Who spent Halloween weekend sober?
Me!! And it didn't bother me at all that other people were drinking this weekend. Well, except for Friday night when it was just me and my husband. That was hard. I wanted to sit down and relax with him. But, i found out that it's actually *easier* for me to not drink when we have friends over and they are all drinking. Don't ask me why. Maybe it's because I'm much more entertained by everyone and I don't think about "relaxing" or vegging out. It's nice to know
Member
Join Date: Oct 2011
Location: Enid Ok
Posts: 18
Me! Did a little battle with my brain...But I won! Funny, how the brain tries to trick us into thinking we can have just one more drink! To all who struggled staying sober but did, Congradulations! Keep on, Keeping on!
Me too, sober as can be and I actually had a blast! Costume party (which was a little boring) and then out to see a great band. It was my first time being out late in a bar with a bunch of drunk people since getting sober, and needless to say, it solidified my choice! It was great to enjoy the music, talk to people without worrying what I'll say or do, be able to drive us home safely and remember it all the next morning!
Member
Join Date: Aug 2010
Posts: 218
I had an awesome sober Halloween trick or treating with my son, his dad (my ex), his girlfriend, her daughter, her daughter's dad (my ex's girlfriend's ex), and friends. A civil and FUN gathering with these people would never be possible without sobriety and an awesome program turning me into the person I was meant to be. Congrats to everyone.
Guest
Join Date: Jul 2011
Location: Ontario Canada
Posts: 189
[B]Yeah I never drank this past weekend. To be honest I never drank because of Halloween, even when I started drinking I didn't find it neccessary to drink on Halloween. I did however drink the day after Halloween because it being my birthday a day after. Well I mean I use to do that lol. I don't drink on my birthdays anymore, besides... I'd get so plastered I couldn't even remember my birthday parties... Only up to the moment of having the first round that night then I'd never remember anything.
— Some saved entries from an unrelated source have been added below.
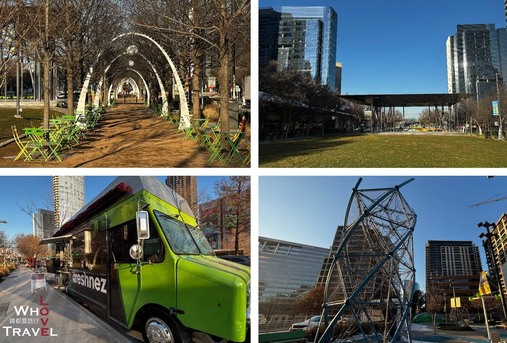 Klyde Warren Park is no ordinary park—it’s a suspended green oasis built right over a sunken freeway, successfully stitching the previously separated Downtown and Uptown back together. The park features sprawling lawns, a 35-foot-tall climbing tower, slides, splash pads, and a variety of children's play equipment. It feels very safe, making it a godsend for parents looking to let their kids burn off some energy! Moreover, the perimeter of the park is a premier hub for amazing food trucks. Grabbing a bite and having a picnic right on the lush lawn with a spectacular skyline of skyscrapers as your backdrop is a truly fantastic 'urban jungle' dining experience. The best part is its unbeatable location. It's right across from the Dallas Museum of Art, and the Perot Museum is less than a 10-minute walk away (it's downhill from the park, too!). Plus, the M-Line Trolley mentioned earlier has a stop right at the entrance. The convenience gets a perfect 100! We highly recommend using the park as a rest stop between attractions to grab food, relax, and casually check the vintage trolley and this incredible over-highway park off your list!
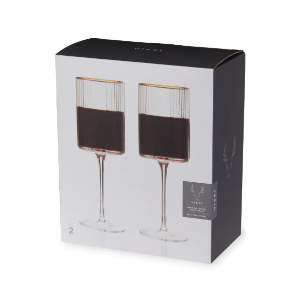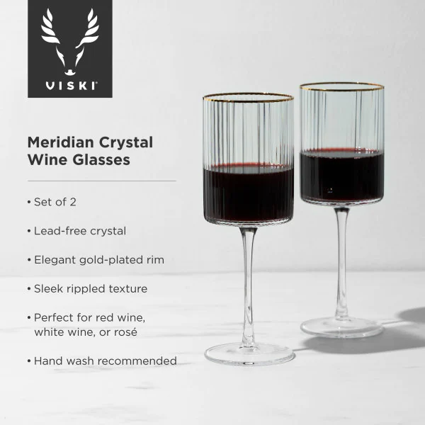 • <p><strong>VISKI Кристални чаши за вино “MERIDIAN“ 2 бр.<br />• В комплект 2 бр чаши<br />• Материал: </strong>безоловен кристал с галванизиран златен ръб<br /><strong>• Размер на 1 бр чаша: </strong>7,6 х 7,6 х 22,9 см (ШхДхВ)<br /><strong>• Вместимост на 1 бр чаша:</strong> 473 мл<br /><strong>• Тегло на 1 бр чаша: </strong>0,233 кг<br /><strong>• Размер на опаковката: </strong>23,8 х 12,4 х 28 см<br /><strong>• Тегло с опаковката: </strong>0,840 кг<br /><strong>• Ръчно измиване</strong><br /><strong>Производител:</strong> Viski® / САЩ</p><br />Марка: TRUEBRANDS <br />Модел: VISKI 11449<br />Доставка: 2-4 работни дни<br />Гаранция: 2 години
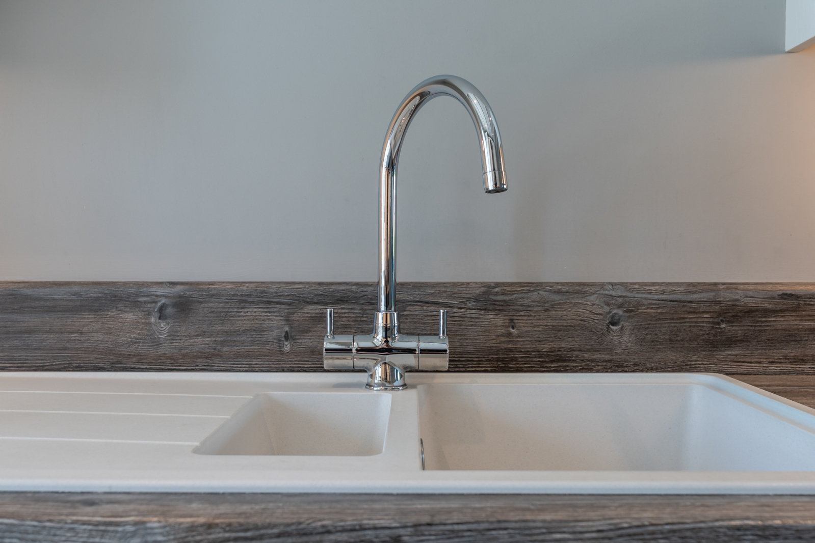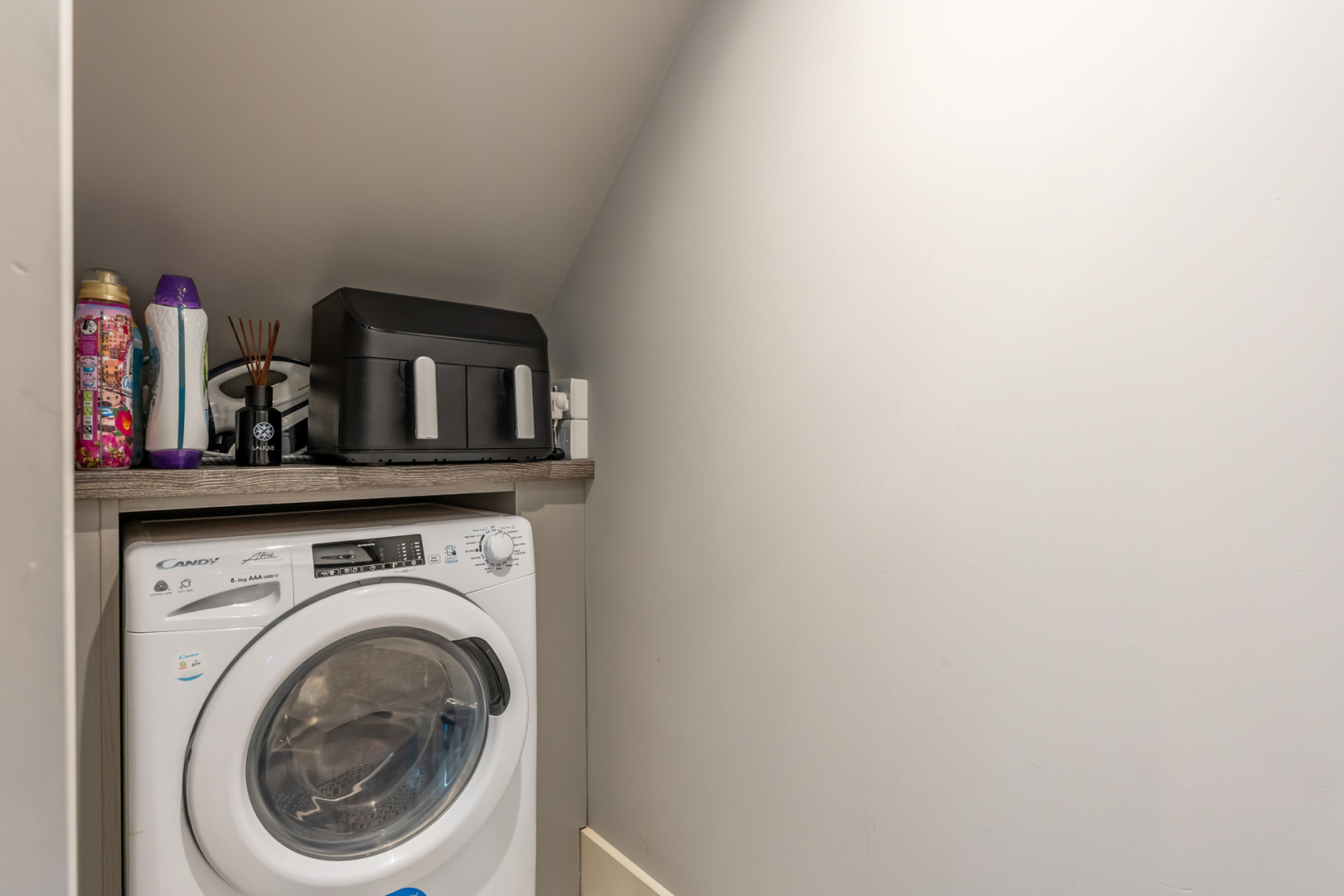 Formica roll edge work surfaces, plumbed for washing machine, gas boiler, ceramic tiled floor, extractor fan, LED recessed spotlighting.
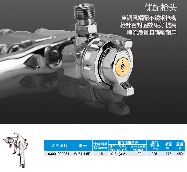 壓松式噴槍W-71-1.5P參數(shù)家具木器汽車氣動噴漆槍
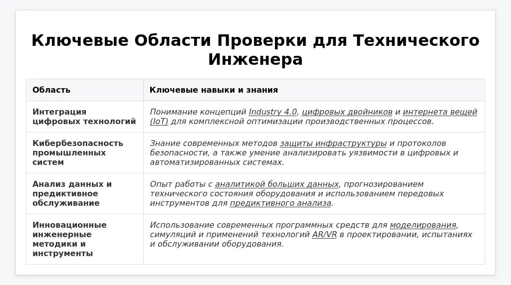 Актуальные области знаний на 2025 год: важны навыки в интернет вещей (IoT), цифровизации производственных процессов, управлении данными, кибербезопасности и энергетической эффективности.
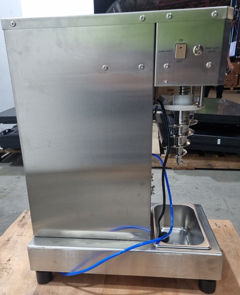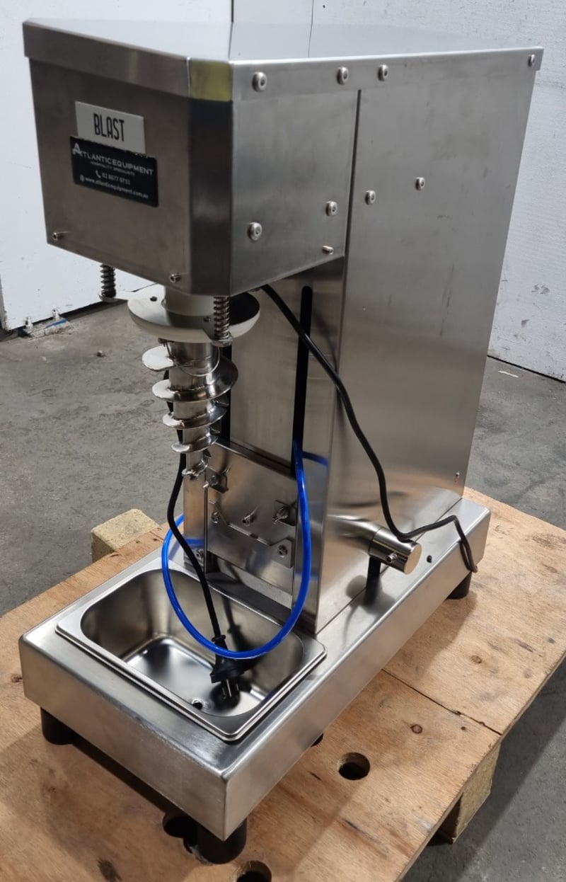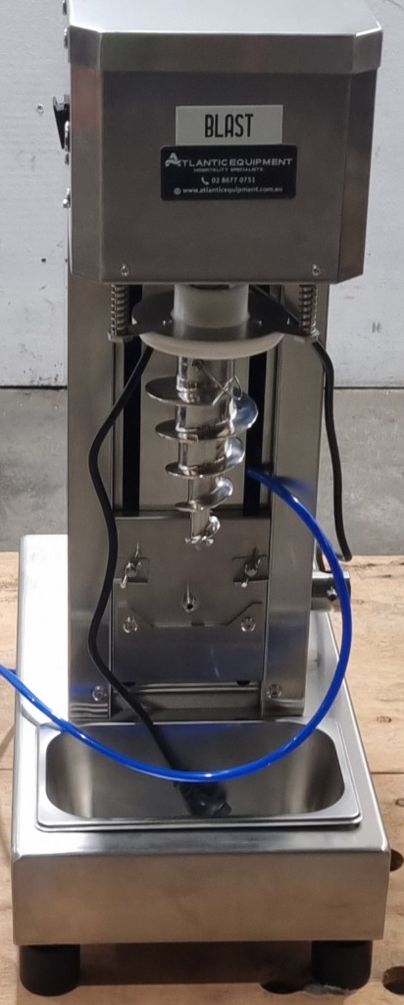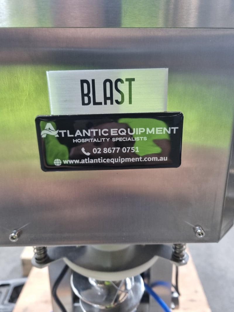 Atlantic Equipment "BLAST" commercial food processor/blender featuring heavy-duty stainless steel construction. Unit comprises a compact tabletop design with integrated mixing chamber housing a multi-tiered stainless steel auger/blade assembly. Note: untested, signs of wear

Luckily I was a happy mellow and not loud drunk. well.... before I started over doing it of course. lol. Congratulations on a week however Keep it up though you'll find things better as time goes on if you continue to stay sober. Today I am celebrating my 27th birthday sober. No troubles, no worries. I've been sober for my birthday a couple of times by far. It really is a good feeling to be able to celebrate things sober however, Halloween, birthdays, christmas and new years eve. I look forward to New Years Eve because my New years Resolution will be to never pick up a drink that night. I go by one day at a time even though I do strive to stay sober this upcoming 2012. So good luck and may the force be with you. keep in touch!
I did!! Grant it I have been sick for the past couple of days but honestly in the past that never stoped me from going out and having some drinks with my friends. Not this year! I am determined to continue on my path to health and less drinking and I can honestly say that I have not had a drink since my birthday last weekend. 7 days strong
Not to take away from the party but something jumped out at me from your post. Is your goal still "less drinking" I just wanted to point out to you that you wrote that.
Sometimes our addictions speak through us, not sure if that was intentional or if you still had plans of moderating. From your first post here I don't think moderation is going to be the way to go. I also suffered from really bad anxiety & panic attacks which was also 10 times worse with a hangover.
Please take care & I wish you all of the best in your recovery. Here is your first post as a friendly reminder of where you were. All of the best
Cheers NB
Greetings all. Im about to turn 27 and up to this point have never considdered myself as someone who had a drinking problem. I have always liked drinking and thought it was normal to drink as much as I did but lately it has really been weighing on my mind that maybe I do in fact have a problem. I dont drink everyday, but when I do I just take it to far. One glass of wine turns into one bottle. A night of partying turns into a night of blacking out. Sometimes I say and do things that are just plain stupid that I would never say or do sober. I suffer from really bad anxiety and to be honest I thought drinking helped my anxiety. But lately the next morning when I am hungover my anxiety is 10 times worse!! I dont want to live like this anymore. I dont want to hurt people I care about and hurt myself and I just want to feel better. I hate admitting this but I do think I have a bit of a problem and this is my first step to recovery. Hopefully this will help!